** DATA EXTRACT **
==================================================
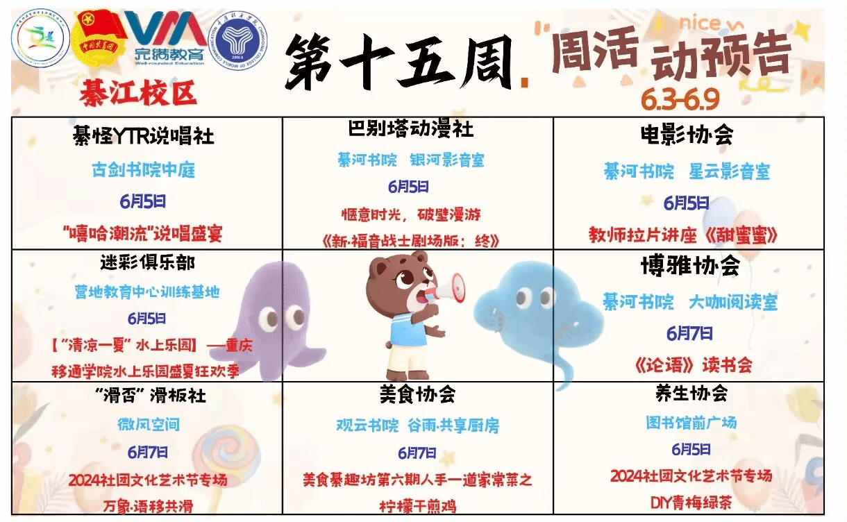 更多精彩活动等待同学们打卡,下周邀请各位王子、公主们一起体验愉快的社团时光!
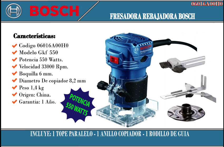 Bosch Fresadora 550 Watts 6 Mm - 1/4 Gkf 550
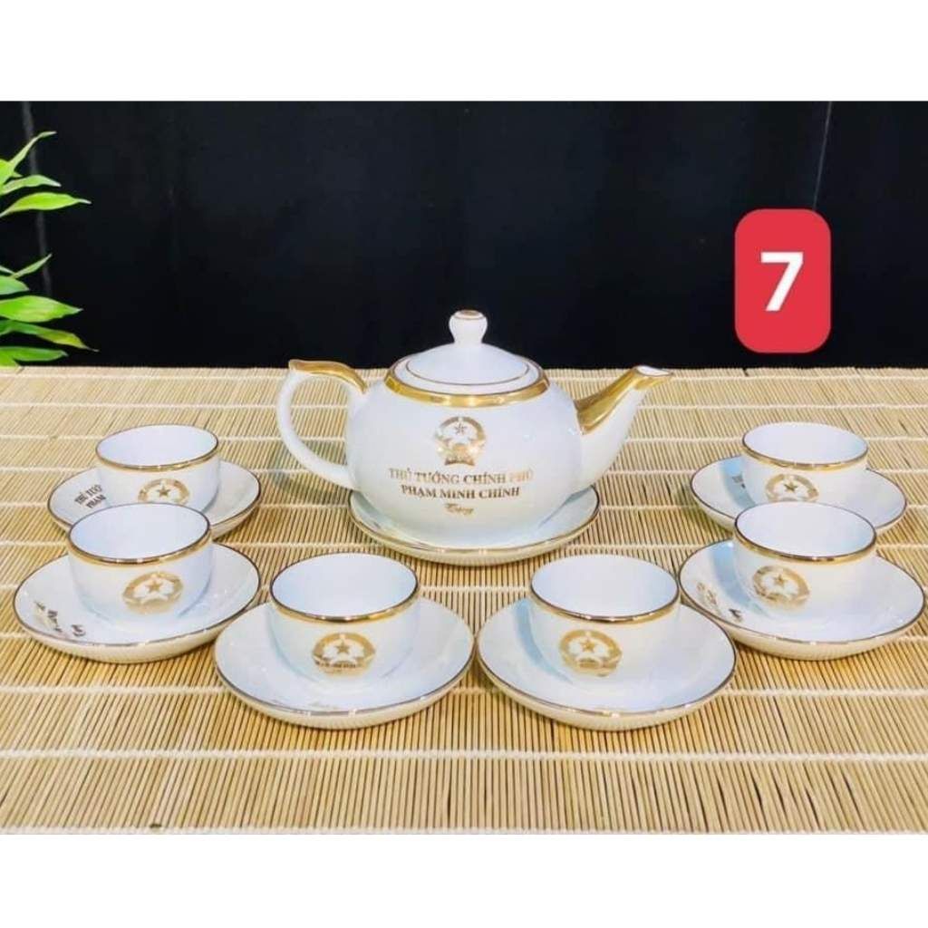 [Ấm chén in Logo] Bộ Ấm Trà In tên Thủ Tướng Phạm Minh Chính dáng đèn thần LHCEVN-9229
==================================================
** WHAT THE EXERCISE ASKS **
Leave out the pictures and output the rest of the material exactly as written.

** WRITTEN ANSWER **
 更多精彩活动等待同学们打卡,下周邀请各位王子、公主们一起体验愉快的社团时光!
 Bosch Fresadora 550 Watts 6 Mm - 1/4 Gkf 550
 [Ấm chén in Logo] Bộ Ấm Trà In tên Thủ Tướng Phạm Minh Chính dáng đèn thần LHCEVN-9229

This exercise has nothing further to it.